Glenoid and humeral head bone defects have long been recognized as major determinants in recurrent shoulder instability as well as main predictors of outcomes after surgical stabilization. However, a universally accepted method to quantify them is not available yet. The purpose of the present study is to describe a new CT method to quantify bipolar bone defects volume on a virtually generated 3D model and to evaluate its reproducibility.

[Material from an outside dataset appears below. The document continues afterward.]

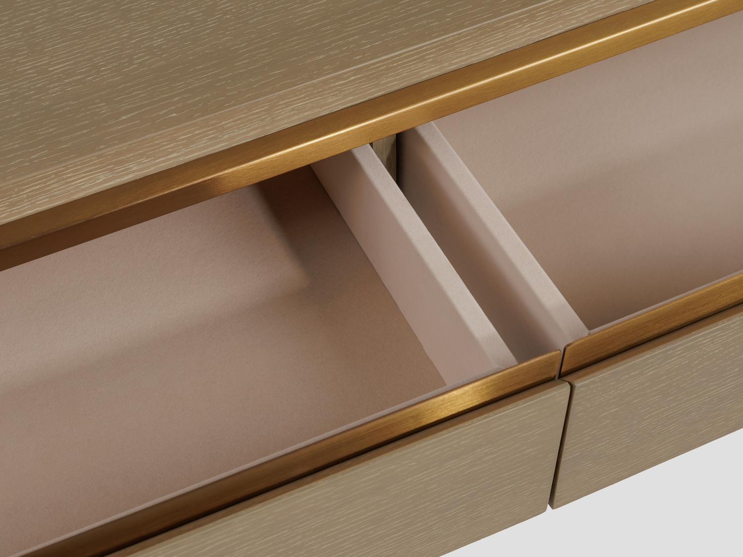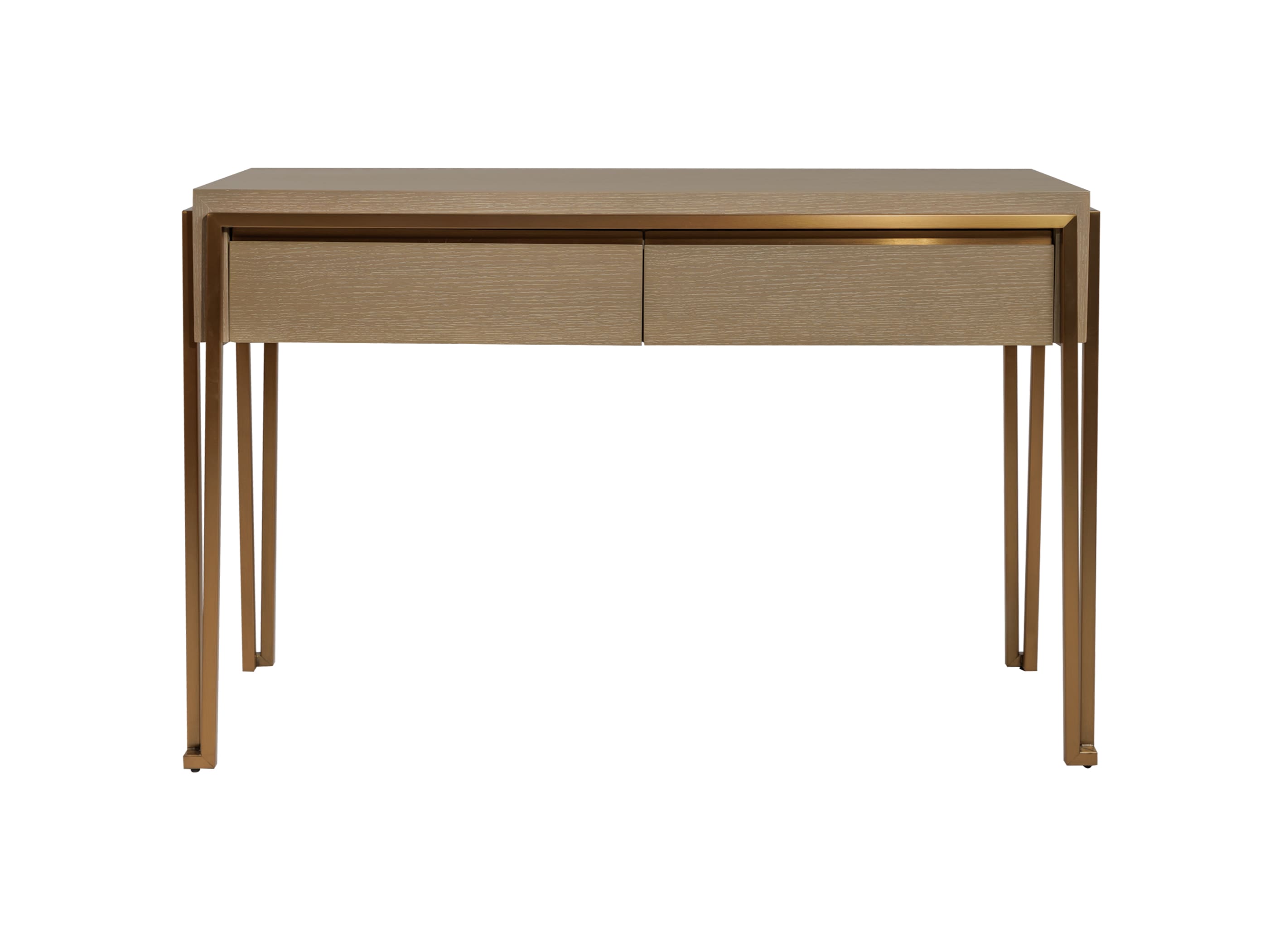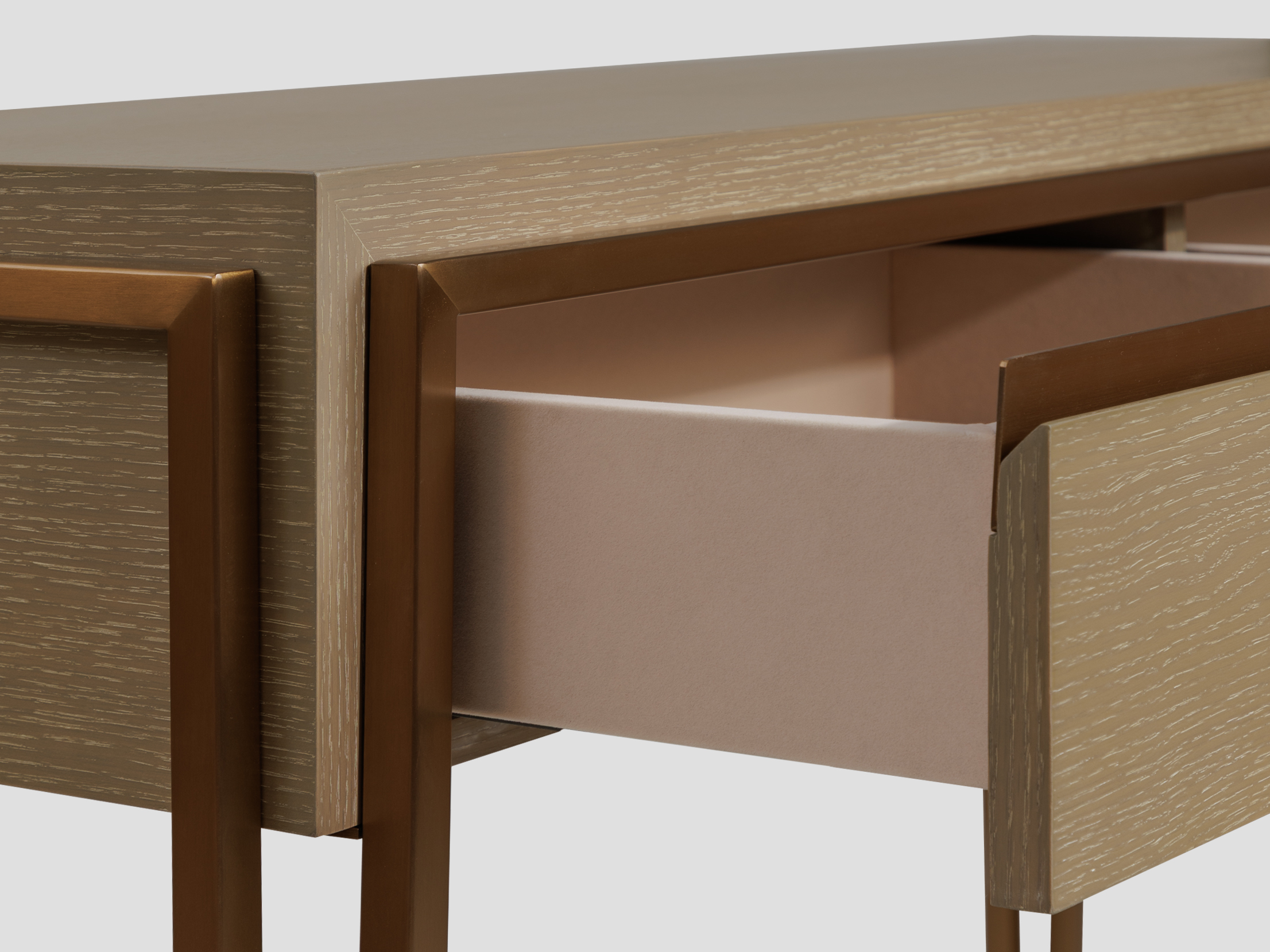 Металлическая деталь отделки, плавно переходящая в оригинальные ножки, добавляет письменному столу Arabe стильный акцент. Дополните им рабочую зону, задав тон всему интерьеру.

A cross-sectional observational study has been conducted. Forty CT scans of both shoulders were randomly selected from a series of exams previously acquired on patients affected by anterior shoulder instability. Inclusion criterion was unilateral anterior shoulder instability with at least one episode of dislocation. Exclusion criteria were: bilateral shoulder instability; posterior or multidirectional instability, previous fractures and/or surgery to both shoulders; congenital or acquired inflammatory, neurological, or degenerative diseases. For all patients, CT exams of both shoulders were acquired at the same time following a standardized imaging protocol. The CT data sets were analysed on a standard desktop PC using the software 3D Slicer. Computer-based reconstruction of the Hill-Sachs and glenoid bone defect were performed through Boolean subtraction of the affected side from the contralateral one, resulting in a virtually generated bone fragment accurately fitting the defect. The volume of the bone fragments was then calculated. All measurements were conducted by two fellowship-trained orthopaedic shoulder surgeons. Each measurement was performed twice by one observer to assess intra-observer reliability. Inter and intra-observer reliability were calculated. Intraclass Correlation Coefficients (ICC) were calculated using a two-way random effect model and evaluation of absolute agreement. Confidence intervals (CI) were calculated at 95% confidence level for reliability coefficients. Reliability values range from 0 (no agreement) to 1 (maximum agreement).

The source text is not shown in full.